Обед длился долго и состоял из четырех блюд, которые подавали два лакея. У Толстого было собственное вегетарианское меню: блюдо из овощей и простой овощной суп. Ланглет наблюдал за сидевшей напротив него Софьей Андреевной. Высокий лоб, большие карие глаза, быстрый взгляд и ловкие движения свидетельствовали об «интеллектуальной силе», которую уравновешивали «красивые руки и небольшая приятная полнота». Софья Андреевна одновременно говорила на нескольких языках: по-русски с восемнадцатилетним сыном Михаилом и его домашним учителем, по-французски с Ланглетом, четырнадцатилетней дочерью Александрой и ее швейцарской гувернанткой и по-английски с еще одной гувернанткой. Толстой, разговаривавший с Ланглетом по-немецки, не удержался от комментария по поводу лингвистического хаоса: «Если бы мы, подобно нашему гостю, слегка потрудились и выучили эсперанто, всем было бы намного удобнее»331
.Далее Толстой и Ланглет остались за столом одни. Толстой быстро встал и вместе со шведом принялся шагать по улице между главным зданием и флигелем. С непокрытой головой, заложив руки за пояс, он почти два часа говорил об искусстве и книге, которую скоро закончит. Все видят красоту как конечную цель искусства, рассуждал Толстой, но никто не может сказать, что такое «красота». Искусство видится как нечто самодостаточное, в его эстетической системе нет места для морали. Сам Толстой придерживался иного мнения: «…они все лгут, они лгут, я вам говорю, осознанно или неосознанно, и я хочу доказать им, что они лгут. Я хочу показать им все пустое и непрочное в их теориях, которые рушатся, как гнилые балки, от одного меткого и сильного удара»332
.Но только ли доказательства ошибок в чужих взглядах интересуют Толстого, поинтересовался Ланглет. Разве у него нет и некоего позитивного намерения? «Я не собираюсь строить систему. У нас их уже слишком много, – ответил Толстой. – Я хочу лишь, чтобы искусство укрепилось в своем праве быть общедоступным и понятным для всех. Самое важное, чтобы народ им интересовался и понимал его. Нет пользы от художников, которые рисуют только для себя и кучки ценителей. Все настоящее, подлинное искусство понятно большой публике – я не боюсь сказать, что произведение искусства тем прекраснее, чем большее число людей им интересуется и его понимает. Или вернее: так должно быть, если вкус здоровый, естественный и не испорченный глупостями художников»333
.Великими живописцами Толстой считал Репина и Николая Ге, оба были его друзьями. Он убедился в этом, гуляя по Третьяковской галерее в обществе крестьян с неиспорченным вкусом и наблюдая за их реакцией. Среди писателей выделял Диккенса, Гюго и Достоевского, которых принимали и ценили представители всех общественных классов во всех странах. Но… есть и такие писатели, как «ваш Ибсен»! Его Толстой не понимает. А Ланглет понимает? Он ведь все же почти соотечественник норвежскому драматургу.

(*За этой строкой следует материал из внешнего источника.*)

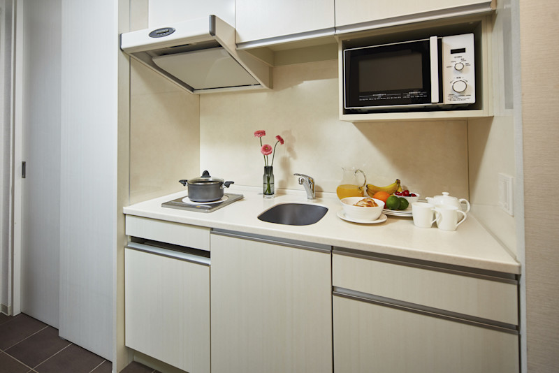 お部屋にはキッチン(カトラリー付)を完備。近隣のスーパーや京都の台所錦市場商店街、百貨店で購入したおばんざいや食材を持ち寄ってゆっくりとお部屋でお召し上がりください。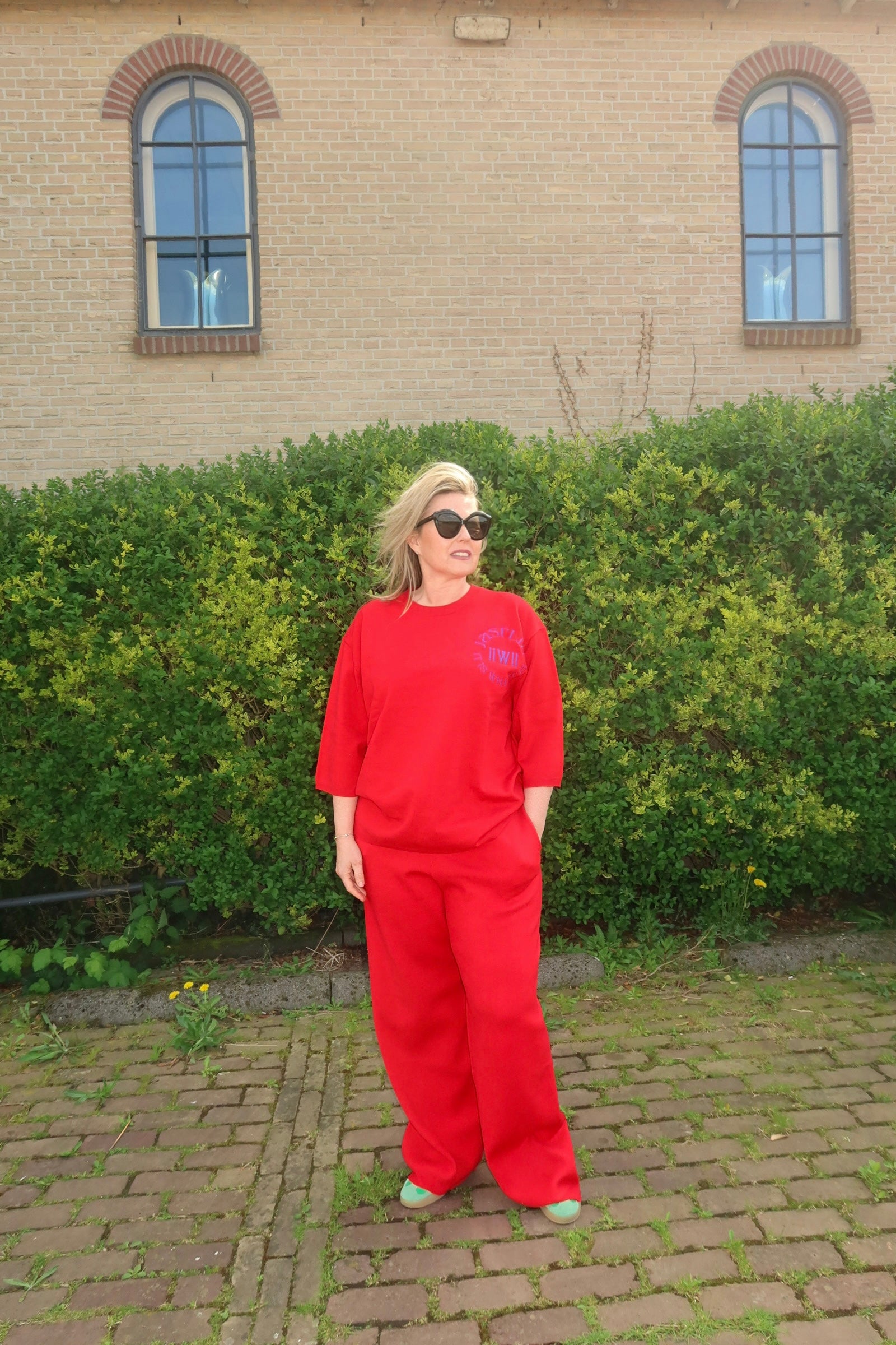 The Gigi half-sleeve top in lipstick red with purple logo features an effortless oversized fit — made for comfort with a cool edge.
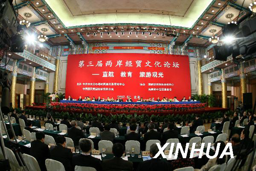 依據(jù)2005年4月29日中國共產(chǎn)黨中央委員會總書記胡錦濤與中國國民黨主席連戰(zhàn)會談新聞公報中關(guān)于“建立黨對黨定期溝通平臺”的共識,由中共中央臺灣工作辦公室海研中心與中國國民黨國政研究基金會共同主辦的第三屆兩岸經(jīng)貿(mào)文化論壇,于2007年4月28日至29日在北京舉行。本屆論壇之主題是“直航、教育、旅游觀光”。4月28日,中共中央總書記胡錦濤和中國國民黨榮譽主席連戰(zhàn)會見了出席論壇的海峽兩岸各界人士,并發(fā)表重要講話。連戰(zhàn)和中共中央政治局常委賈慶林出席論壇開幕式并先后發(fā)表演講。國共兩黨及親民黨、新黨、無黨團結(jié)聯(lián)盟人士和兩岸企業(yè)界人士、專家學者、臺商代表等共500余人出席了會議。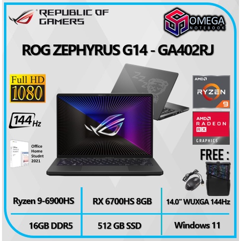 SPESIFIKASI : 📌Processor : AMD Ryzen™ 9-6900HS Mobile Processor (8-core/16-thread, 16MB cache, up to 4.9 GHz max boost) 📌Graphics : AMD Radeon™ RX 6700S, 8GB GDDR6, MUX Switch + Optimus, ROG Boost: up to 100W(SmartShift) 📌Display : 14-inch FHD+ 16:10 (1920 x 1200, WUXGA), 144Hz, 3ms, Adaptive-Sync, IPS-level, 400nits, 100% sRGB, Pantone Validated 📌Memory : 16GB (8GB DDR5 on board + 8GB DDR5-4800 SO-DIMM), MAX 24GB 📌Storage : 512GB M.2 NVMe™ PCIe® 4.0 SSD 📌Wireless : Wi-Fi 6E(802.11ax) (Triple band) 2*2 + Bluetooth 5.2 (*BT version may change with OS version different.) 📌Keybord : Backlit Chiclet Keyboard RGB 📌Operating System : Windows 11 + OHS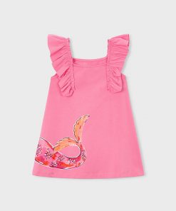 vestido color geranio con diseño lentejuelas mangas volantes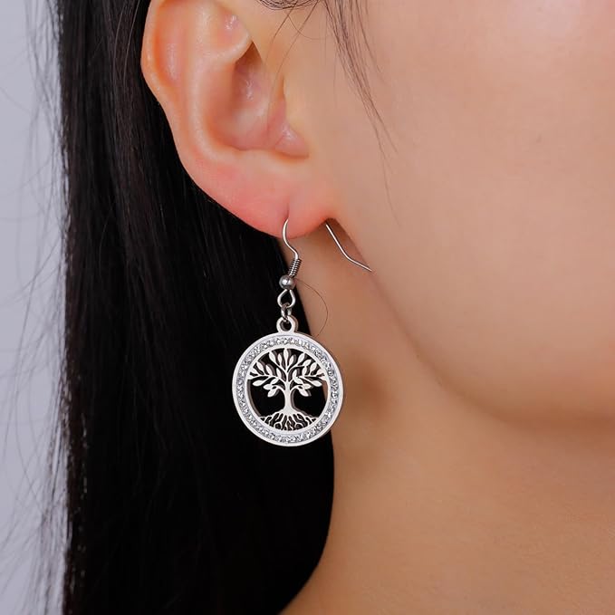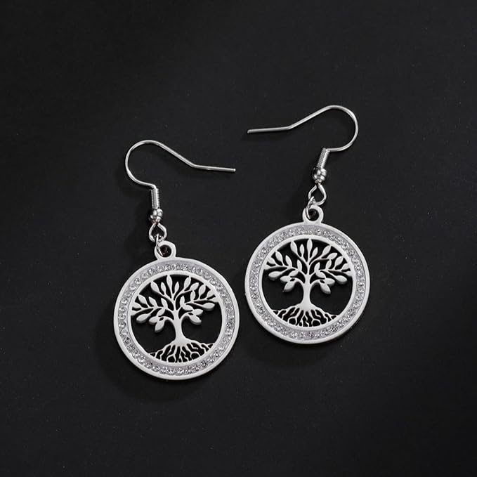 Boucles d’oreilles arbre de vie argentées classiques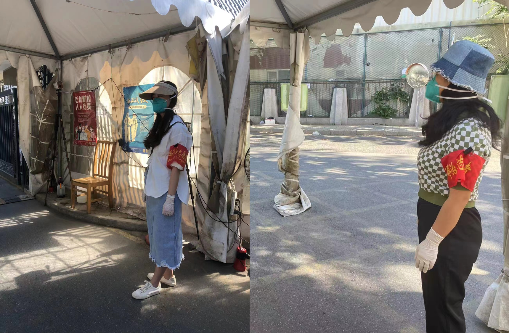 赵彬(左)和赵婧(右)分别参加清华大学西北社区南门值守工作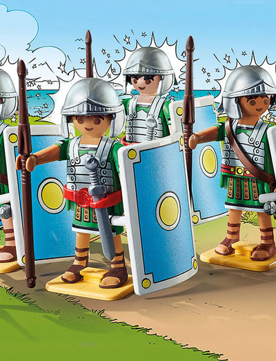 PLAYMOBIL-settet består av fire romere med hjelmer, sverd og skjold. En bunnplate følger med hver figur slik at de kan stå mer stabilt. Alle figurer har et ansiktsuttrykk som kan endre seg, slik at du kan se uttrykket før og etter kampen.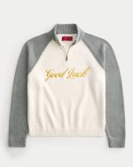 Relaxed Lunar New Year Graphic Quarter-Zip Sweater – gray and cream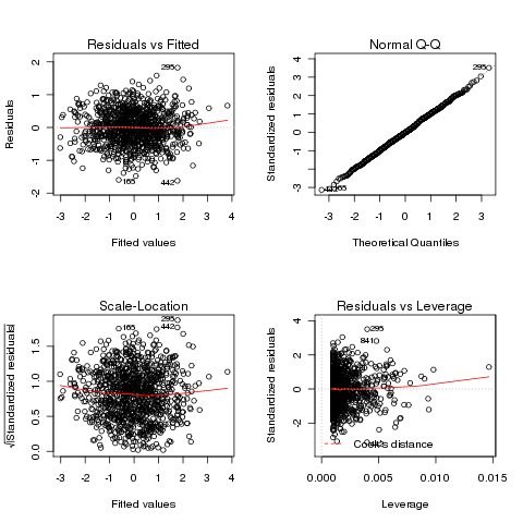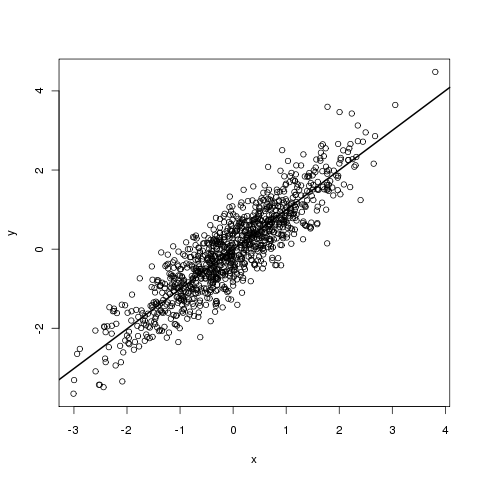 Call: lm(formula = y ~ x) Residuals: Min 1Q Median 3Q Max -1.624218 -0.335981 -0.006877 0.377696 1.822160 Coefficients: Estimate Std. Error t value Pr(>|t|) (Intercept) -0.008093 0.016452 -0.492 0.623 x 1.003216 0.015904 63.078 <2e-16 *** --- Signif. codes: 0 ‘***’ 0.001 ‘**’ 0.01 ‘*’ 0.05 ‘.’ 0.1 ‘ ’ 1 Residual standard error: 0.5202 on 998 degrees of freedom Multiple R-squared: 0.7995, Adjusted R-squared: 0.7993 F-statistic: 3979 on 1 and 998 DF, p-value: < 2.2e-16Es wird eine Zusammenfassung zur Verteilung der Residuen angegeben. Außerdem wird die Signifikanz der geschätzten Koeffizienten ausgegeben inklusive verschiedener Fehlerwerte für die Güte der Regression.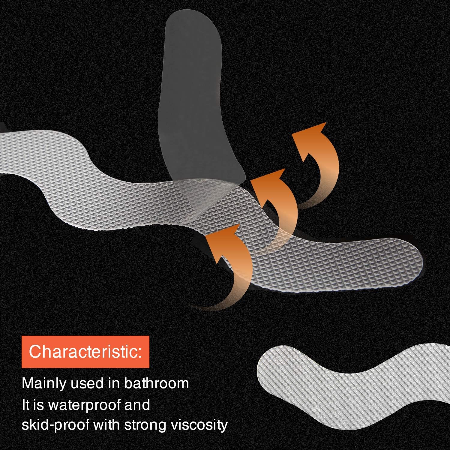 - Design Principle. Each strips can easily stick to the surface of bathtub using special ecological glue. The upper surface comes with approximately hundreds tiny protrusions per piece to increase friction. At the same time, this design is meant to allow water to flow freely further reducing the chances of soapy water accumulating.
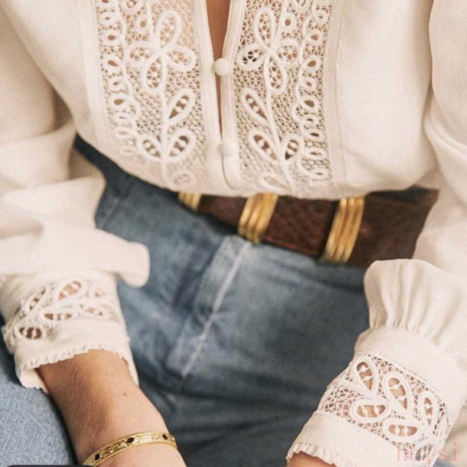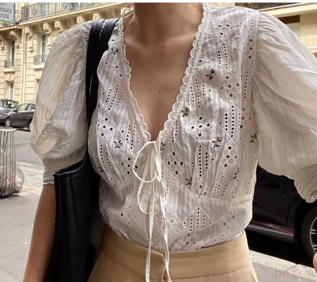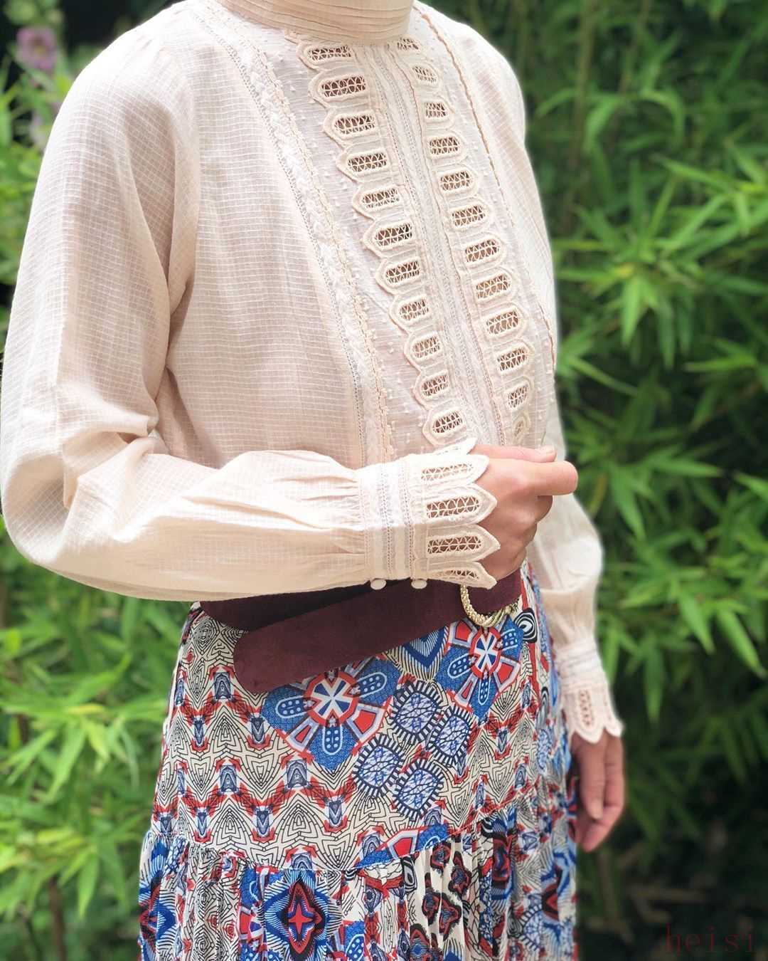 這款有點(diǎn)白色繡花點(diǎn)綴的襯衫,一看就女人味十足,但也不會過分的甜美,胸口的紐扣是可以開合的,覺得有點(diǎn)透的,可以在里面加一件小背心。

Ланглет ответил, процитировав Ибсена: «Прежде я думал, что никто, кроме Господа Бога и меня самого, не понимает мои произведения, но прочитав критику на свои пьесы, пришел к выводу, что их понимает один Господь Бог». Толстой улыбнулся: «Возможно, он прав – впрочем, я считаю, что тут даже Божьей мудрости мало. Ибсен всегда представлялся мне неестественным, и мне кажется, что он намеренно напускает на себя таинственности. Его туманность до определенной степени простительна, учитывая, что он скандинав; ибо туманность – не обижайтесь – по-видимому, врожденное свойство вашего народа»334
.Когда пришло время возвратиться к работе, Толстой предложил Ланглету русскую книгу во французском переводе «Le travail» («Трудолюбие и тунеядство, или Торжество земледельца», 1890): «Это одна из лучших известных мне книг; ее написал крестьянин, мой друг – его зовут Тимофей Бондарев, – книга издана с моим предисловием. Советую вам ее прочесть и, если это еще не сделано, перевести на шведский»335
. Растянувшись на земле под платаном, Ланглет читал оду физическому труду и сельскому хозяйству. Отправной точкой для Бондарева стало буквальное толкование слов, с которыми человека изгнали из рая («В поте лица твоего будешь есть хлеб»), и он полагал, что именно это должно лежать в основе любой человеческой деятельности.